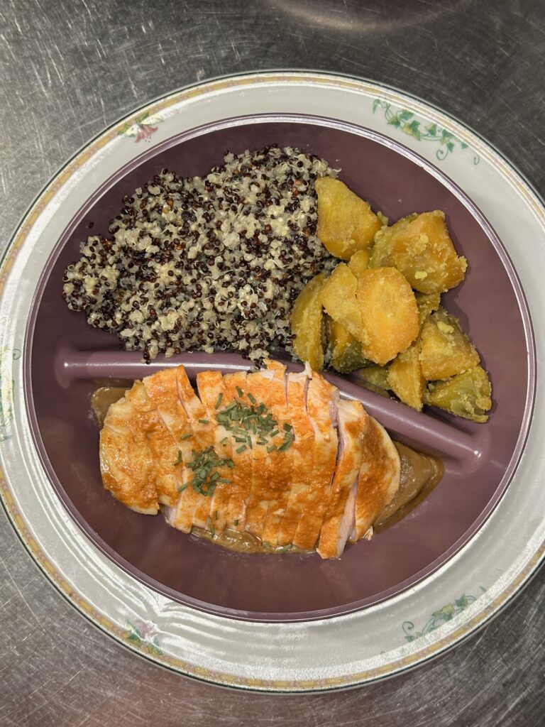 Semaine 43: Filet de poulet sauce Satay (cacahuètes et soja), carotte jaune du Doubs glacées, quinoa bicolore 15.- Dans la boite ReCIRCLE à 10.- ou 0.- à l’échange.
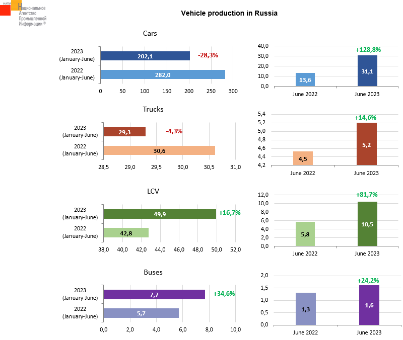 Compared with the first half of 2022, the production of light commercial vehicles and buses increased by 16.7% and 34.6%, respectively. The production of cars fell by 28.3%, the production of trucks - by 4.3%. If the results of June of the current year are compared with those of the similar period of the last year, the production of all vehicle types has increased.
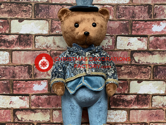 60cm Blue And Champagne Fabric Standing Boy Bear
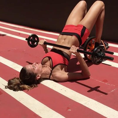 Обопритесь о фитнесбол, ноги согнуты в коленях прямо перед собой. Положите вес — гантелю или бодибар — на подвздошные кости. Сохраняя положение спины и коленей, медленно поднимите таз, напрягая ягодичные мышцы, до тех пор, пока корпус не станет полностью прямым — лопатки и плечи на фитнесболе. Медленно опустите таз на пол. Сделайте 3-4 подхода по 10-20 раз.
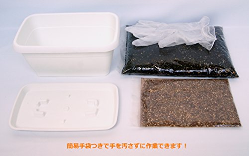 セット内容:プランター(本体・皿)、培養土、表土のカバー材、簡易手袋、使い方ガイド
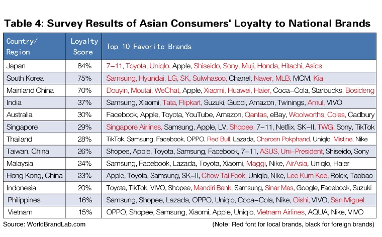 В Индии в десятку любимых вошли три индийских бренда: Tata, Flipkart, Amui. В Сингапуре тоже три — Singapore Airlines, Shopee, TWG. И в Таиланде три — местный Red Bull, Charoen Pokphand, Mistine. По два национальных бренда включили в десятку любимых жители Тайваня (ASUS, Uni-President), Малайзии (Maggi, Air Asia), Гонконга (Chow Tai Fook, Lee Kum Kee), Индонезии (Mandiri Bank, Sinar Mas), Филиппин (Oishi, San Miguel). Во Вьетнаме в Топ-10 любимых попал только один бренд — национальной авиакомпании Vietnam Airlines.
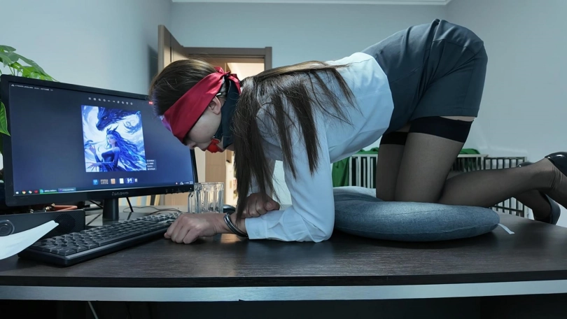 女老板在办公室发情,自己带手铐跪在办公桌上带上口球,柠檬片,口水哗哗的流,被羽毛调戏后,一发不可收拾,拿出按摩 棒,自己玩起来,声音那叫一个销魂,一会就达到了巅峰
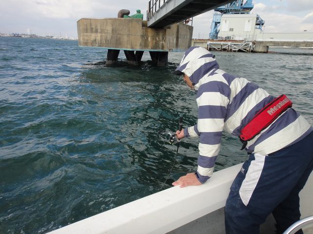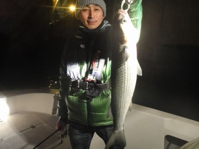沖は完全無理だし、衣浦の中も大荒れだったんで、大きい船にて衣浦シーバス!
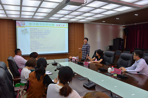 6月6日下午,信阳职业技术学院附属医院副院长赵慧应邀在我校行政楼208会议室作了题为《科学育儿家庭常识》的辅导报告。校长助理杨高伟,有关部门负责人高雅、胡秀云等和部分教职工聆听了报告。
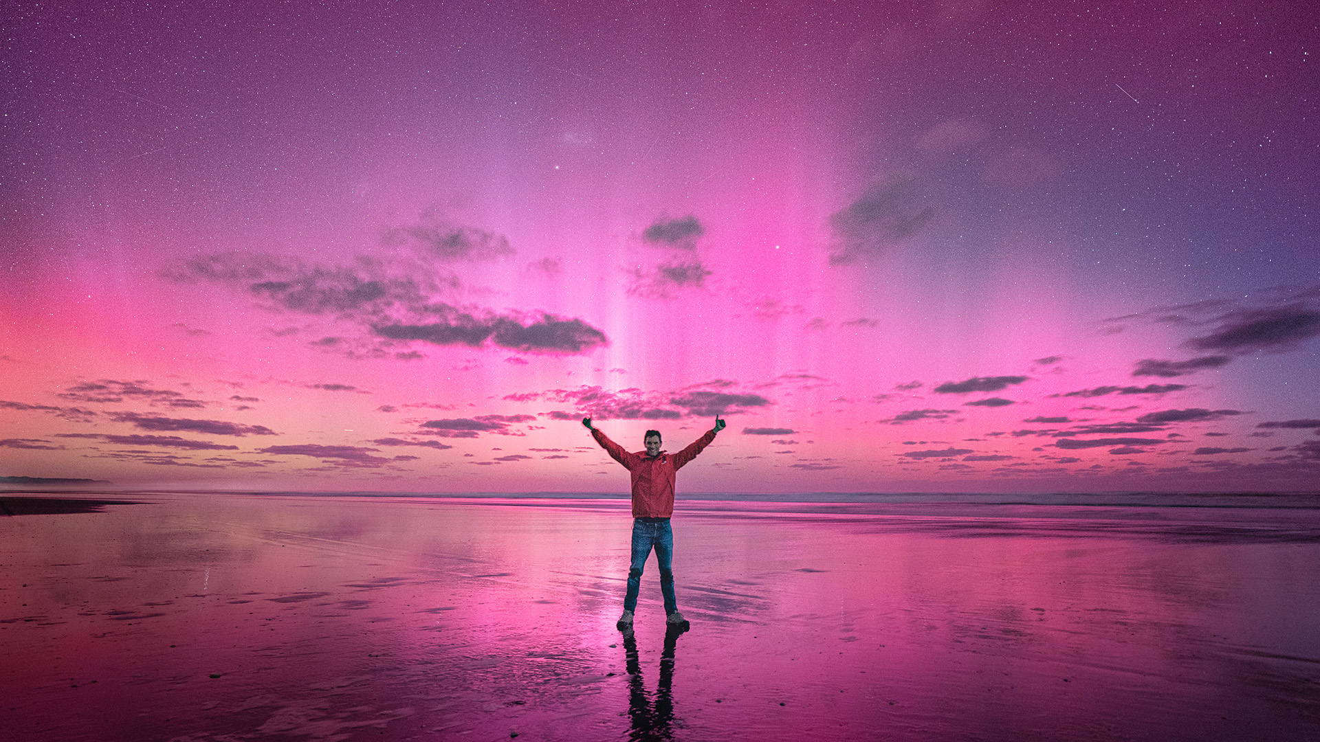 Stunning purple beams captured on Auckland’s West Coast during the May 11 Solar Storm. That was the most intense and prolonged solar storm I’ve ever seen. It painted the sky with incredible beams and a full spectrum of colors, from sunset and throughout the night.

- - -

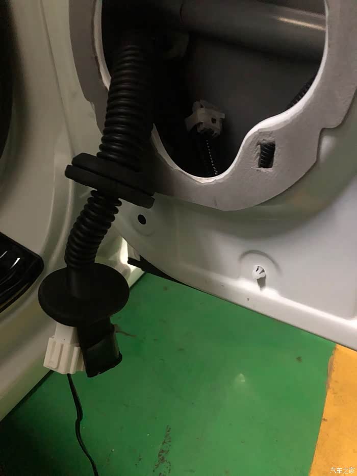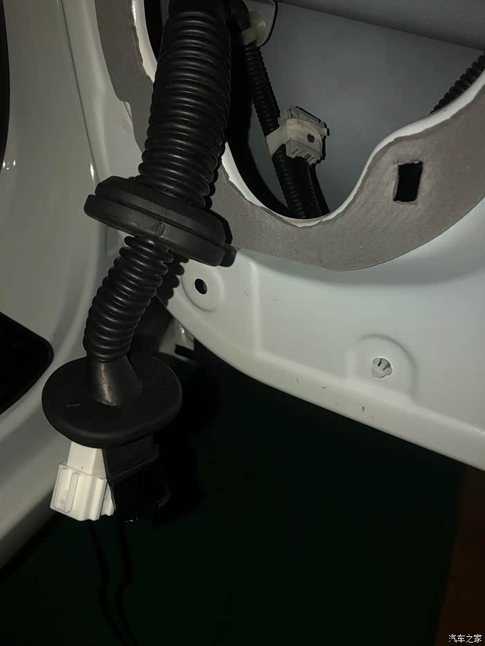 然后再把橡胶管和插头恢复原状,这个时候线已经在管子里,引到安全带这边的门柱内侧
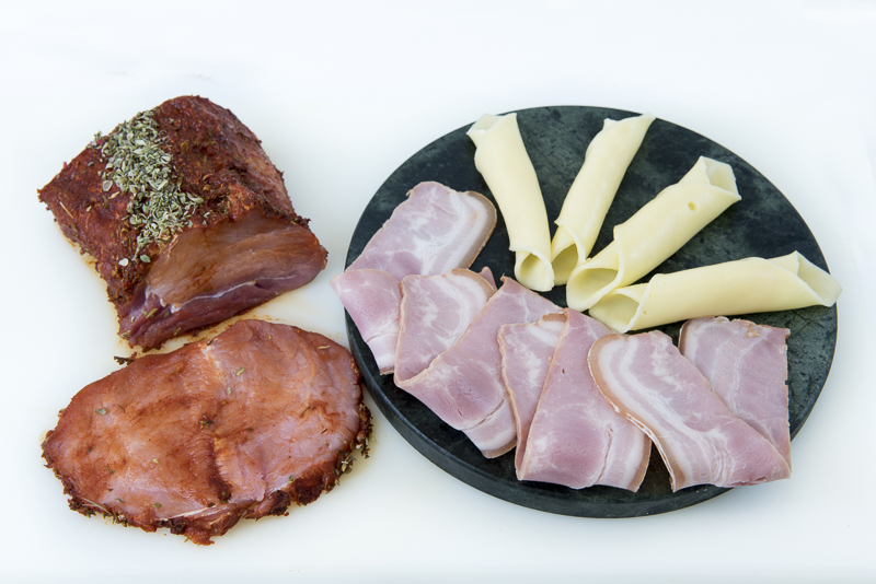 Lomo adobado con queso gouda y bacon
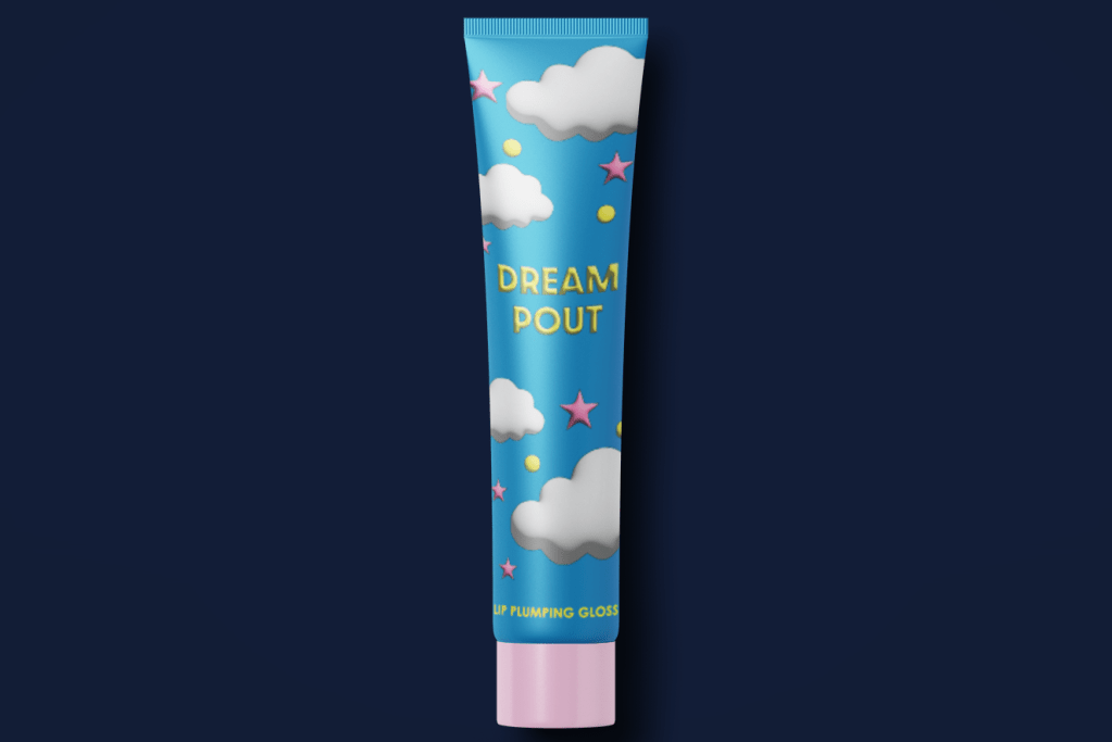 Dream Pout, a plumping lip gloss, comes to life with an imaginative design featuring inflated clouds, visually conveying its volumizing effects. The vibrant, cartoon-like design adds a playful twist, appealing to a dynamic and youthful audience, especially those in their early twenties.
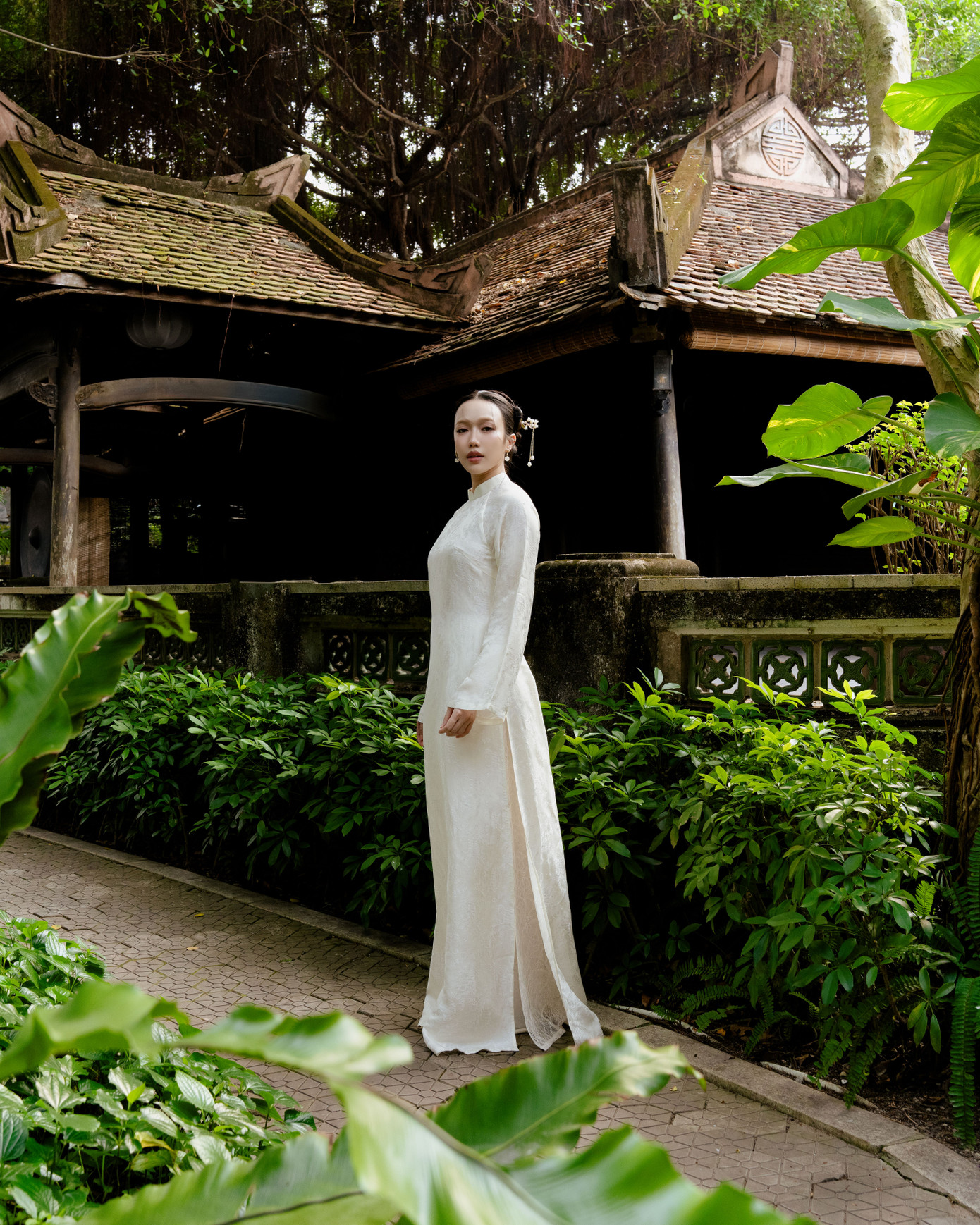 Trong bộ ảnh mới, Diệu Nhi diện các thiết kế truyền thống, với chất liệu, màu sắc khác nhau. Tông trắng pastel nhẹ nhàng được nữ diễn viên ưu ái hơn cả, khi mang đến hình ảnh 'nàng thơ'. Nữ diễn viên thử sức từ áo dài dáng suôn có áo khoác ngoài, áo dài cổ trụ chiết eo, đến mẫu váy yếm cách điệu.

- - -

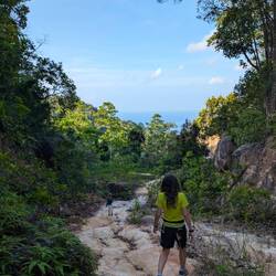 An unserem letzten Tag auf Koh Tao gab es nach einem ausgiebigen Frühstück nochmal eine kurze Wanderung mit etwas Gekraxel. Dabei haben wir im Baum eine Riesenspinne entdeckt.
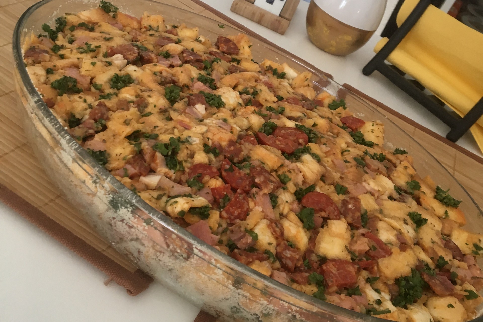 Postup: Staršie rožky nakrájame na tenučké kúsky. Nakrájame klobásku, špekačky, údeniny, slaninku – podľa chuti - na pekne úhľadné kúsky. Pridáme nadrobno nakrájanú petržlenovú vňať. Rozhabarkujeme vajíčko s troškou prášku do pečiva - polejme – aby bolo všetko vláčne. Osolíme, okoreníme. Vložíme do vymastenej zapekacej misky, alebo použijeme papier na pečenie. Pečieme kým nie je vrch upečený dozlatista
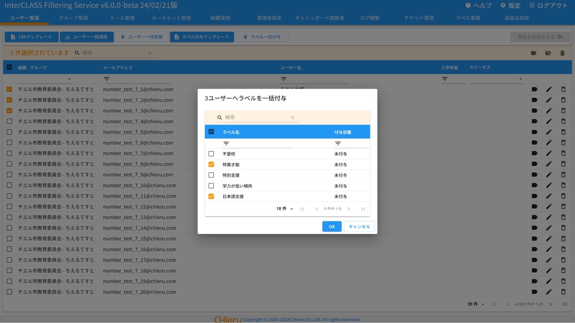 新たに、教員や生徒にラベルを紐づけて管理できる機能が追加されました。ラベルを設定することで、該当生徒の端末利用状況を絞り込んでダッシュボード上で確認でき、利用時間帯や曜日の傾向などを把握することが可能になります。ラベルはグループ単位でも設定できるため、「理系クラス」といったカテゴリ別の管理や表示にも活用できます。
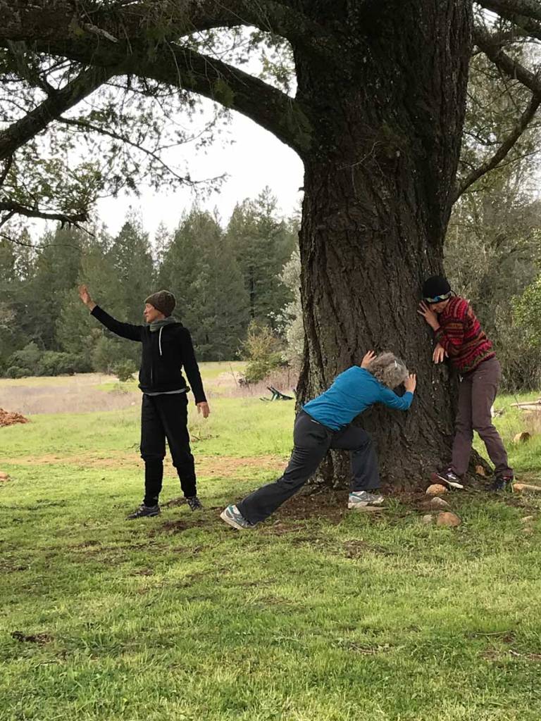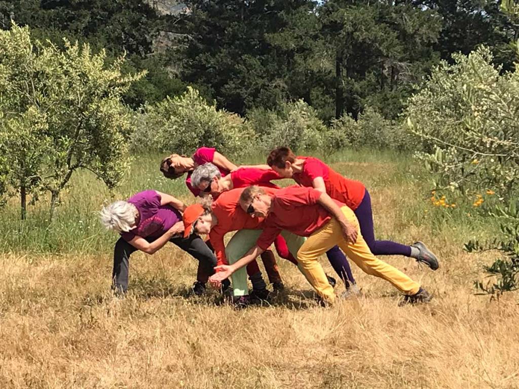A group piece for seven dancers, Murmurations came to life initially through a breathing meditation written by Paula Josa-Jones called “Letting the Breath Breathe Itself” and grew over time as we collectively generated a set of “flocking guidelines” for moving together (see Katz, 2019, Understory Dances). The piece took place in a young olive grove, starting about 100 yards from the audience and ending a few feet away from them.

- - -

**WORK TASK**
Look above for the line with "女老板在办公室发情,自己带手" and the line with "6月6日下午,信阳职业技术学". Copy them and every line between, exactly, but no pictures.

**YOUR SOLUTION**
 女老板在办公室发情,自己带手铐跪在办公桌上带上口球,柠檬片,口水哗哗的流,被羽毛调戏后,一发不可收拾,拿出按摩 棒,自己玩起来,声音那叫一个销魂,一会就达到了巅峰
沖は完全無理だし、衣浦の中も大荒れだったんで、大きい船にて衣浦シーバス!
 6月6日下午,信阳职业技术学院附属医院副院长赵慧应邀在我校行政楼208会议室作了题为《科学育儿家庭常识》的辅导报告。校长助理杨高伟,有关部门负责人高雅、胡秀云等和部分教职工聆听了报告。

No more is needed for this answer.